Или же Хасан действовал по приказу кого-то другого.
Но кто это мог быть? И опять же, почему? Ответа у меня не было. И я решил таковой найти.
Джордж первым выразил свое соболезнование.
– Я огорчен, Конрад, – сказал он, посмотрев куда-то мимо меня, затем вниз, на песок, а затем быстро – прямо мне в глаза.

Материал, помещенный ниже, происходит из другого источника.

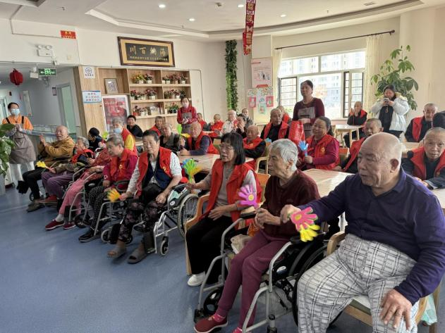 最后我院学生与养老服务中心工作人员、老年朋友们齐聚一堂合影留念。

Он расстраивался, когда высказывал что-нибудь человечное, и при этом испытывал желание исчезнуть. Я мог это объяснить. Сомневаюсь, чтобы парад, который устроили я и Эллен в предыдущее лето, хоть в какой-то мере привлек его внимание. За стенами биологической лаборатории страсти его утихали. Помню, как он анатомировал последнюю на земле собаку. Однажды после того, как целых четыре года он почесывал псу за ушами, вылавливал блох у него из хвоста и слушал, как тот лает, – однажды он позвал Ролфа. Ролф вбежал, таща старое посудное полотенце, которым они обычно играли в перетягивание, и Джордж подтянул пса поближе, сделал ему укол, а затем вскрыл. Он решил заполучить пса, пока тот еще в расцвете сил. На шкафу в лаборатории до сих пор стоит скелет. Он хотел также выращивать своих детей – Марка, Дороти и Джима – в камерах Скиннера, но Эллен каждый раз решительно этому противилась (устраивая там-тарарам!) в послеродовом своем приступе материнства, продолжавшемся по меньшей мере месяц – что было достаточно длительным сроком, чтобы нарушить баланс первичной стимуляции, необходимый Джорджу. Так что я, действительно, не видел в нем особого желания снять с меня мерку для деревянного ящика, что хранят под землей. Если бы он захотел, чтобы я умер, то это было бы что-нибудь хитроумное, быстродействующее и экзотическое – ну, например, яд кролика с планеты Дивбан.